(Exercise details): The listing below holds pictures; exclude them. Return exactly the lines from the one with "白ごはん、さばのごまみそ焼き、ひじきの炒り煮、豚汁、牛乳" through the one with "Greeting card mockup,stone".

(Data to use):
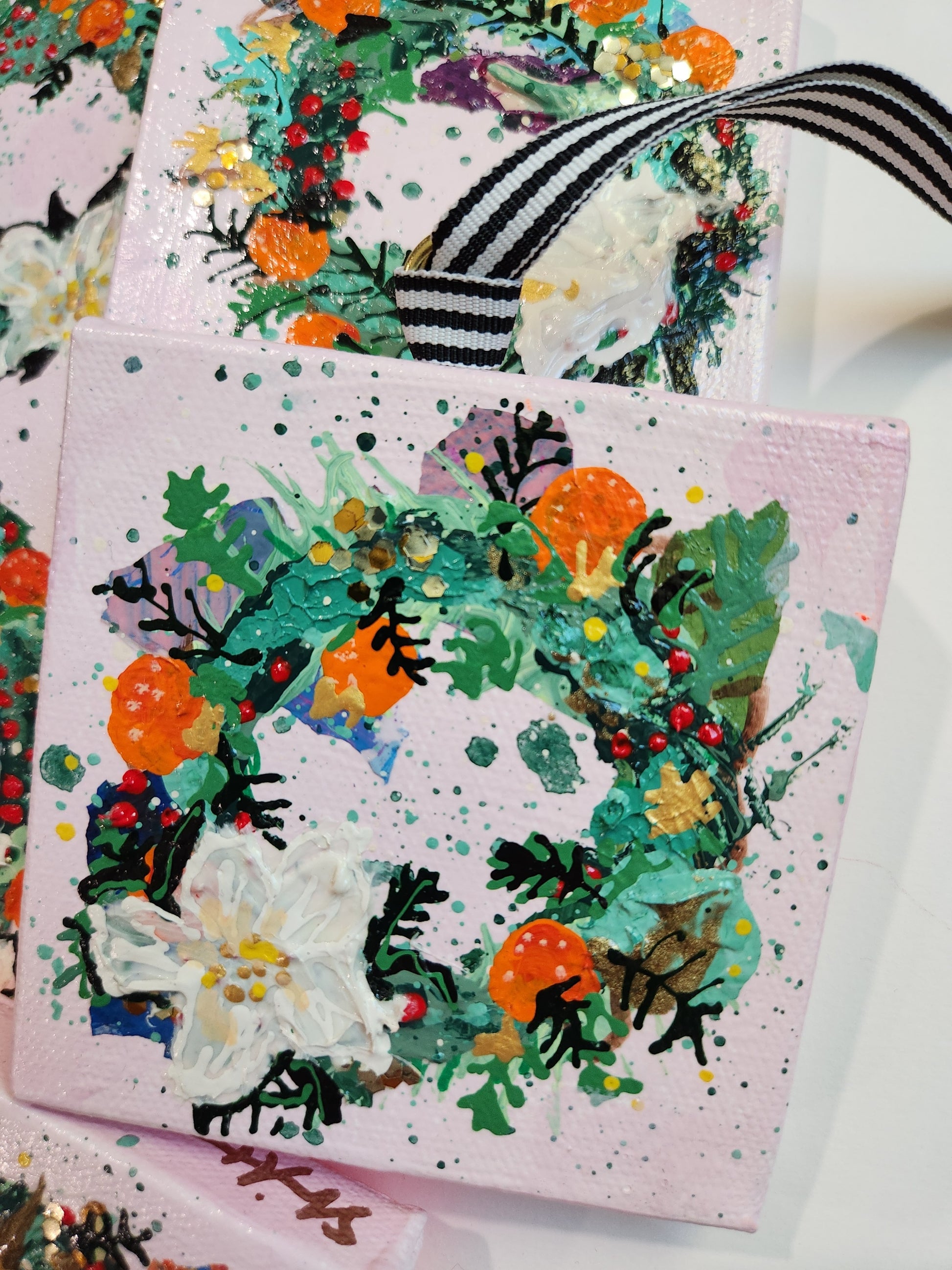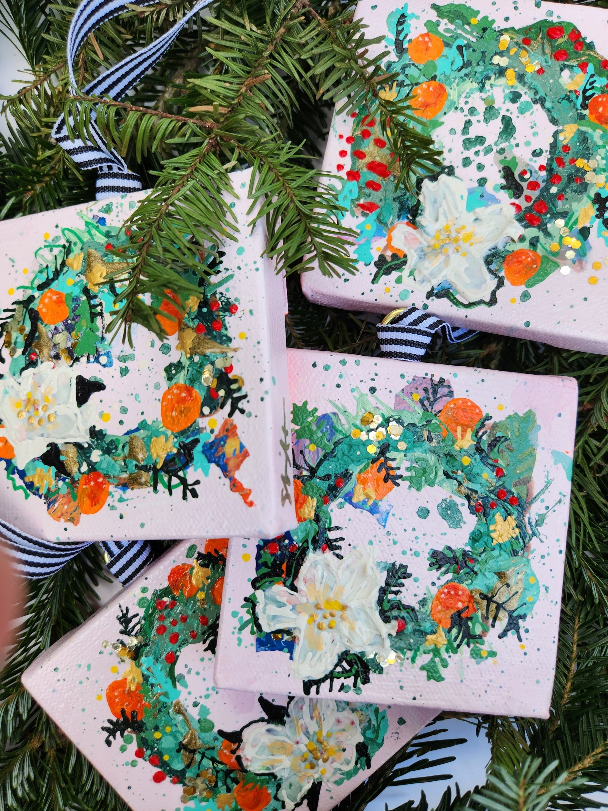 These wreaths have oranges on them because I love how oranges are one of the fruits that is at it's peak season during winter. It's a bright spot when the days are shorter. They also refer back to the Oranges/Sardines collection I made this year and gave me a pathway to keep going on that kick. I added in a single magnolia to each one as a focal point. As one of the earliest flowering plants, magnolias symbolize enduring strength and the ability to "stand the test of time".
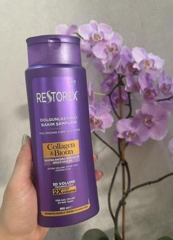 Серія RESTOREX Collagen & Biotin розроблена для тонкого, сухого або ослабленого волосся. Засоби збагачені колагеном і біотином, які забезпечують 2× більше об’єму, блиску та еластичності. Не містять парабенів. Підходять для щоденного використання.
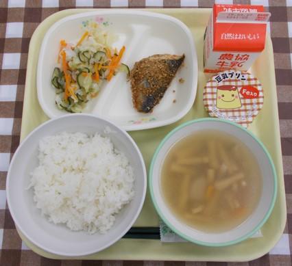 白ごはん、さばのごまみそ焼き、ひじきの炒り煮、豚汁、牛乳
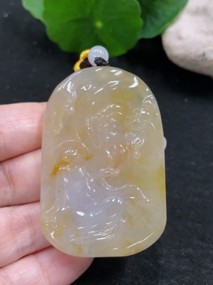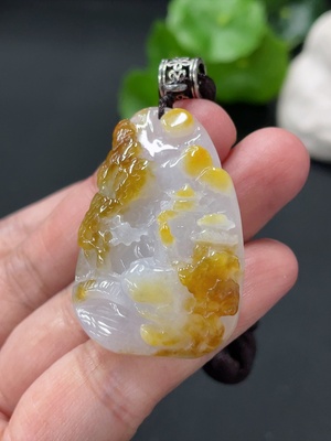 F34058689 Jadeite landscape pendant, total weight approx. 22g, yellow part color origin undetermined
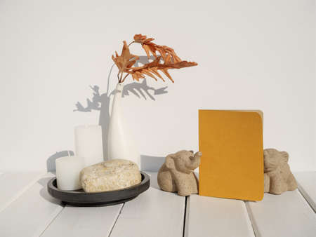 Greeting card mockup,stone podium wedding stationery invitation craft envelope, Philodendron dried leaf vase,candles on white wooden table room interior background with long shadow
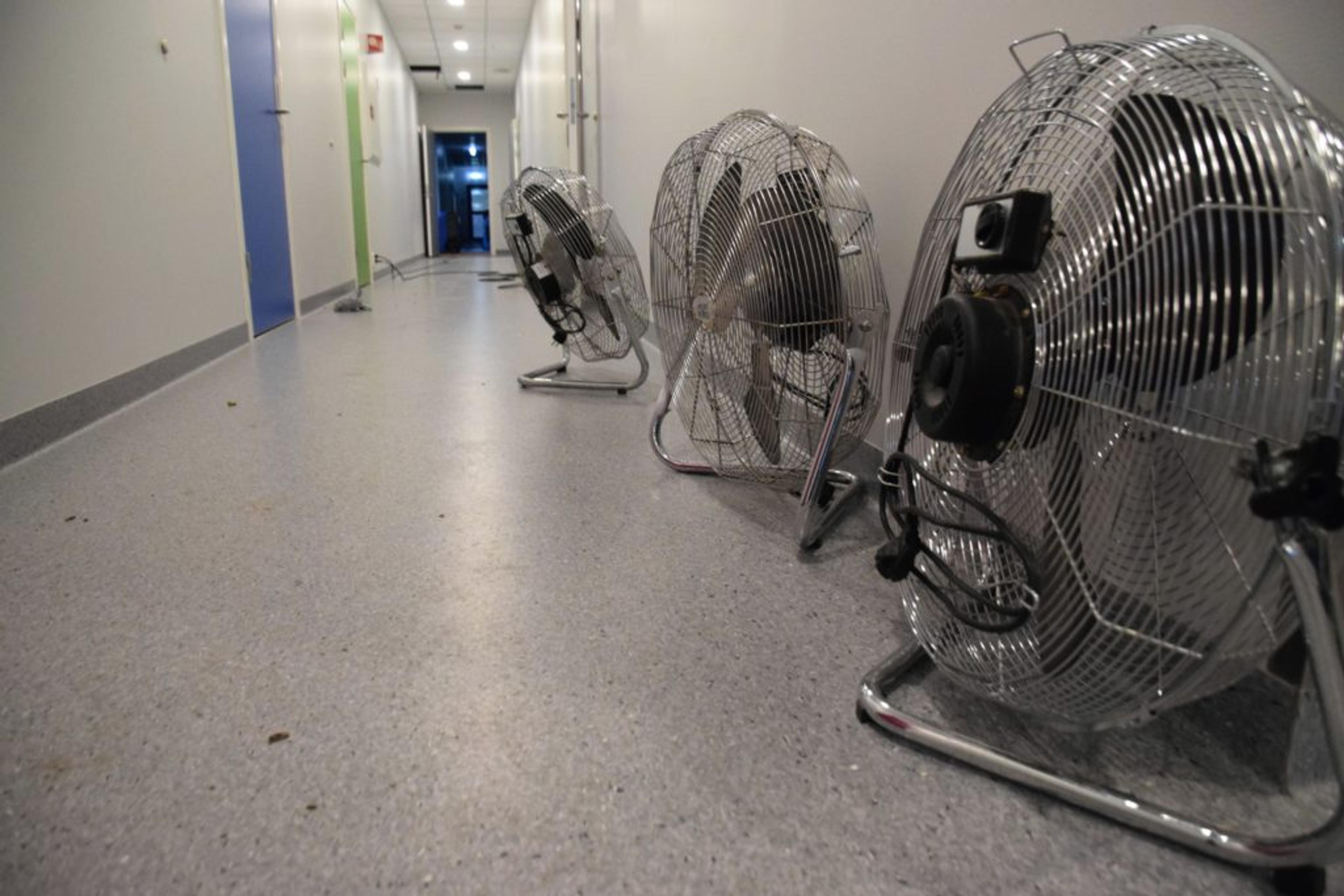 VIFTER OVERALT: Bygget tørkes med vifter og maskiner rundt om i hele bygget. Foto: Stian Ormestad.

(Task answer):
 白ごはん、さばのごまみそ焼き、ひじきの炒り煮、豚汁、牛乳
 F34058689 Jadeite landscape pendant, total weight approx. 22g, yellow part color origin undetermined
 Greeting card mockup,stone podium wedding stationery invitation craft envelope, Philodendron dried leaf vase,candles on white wooden table room interior background with long shadow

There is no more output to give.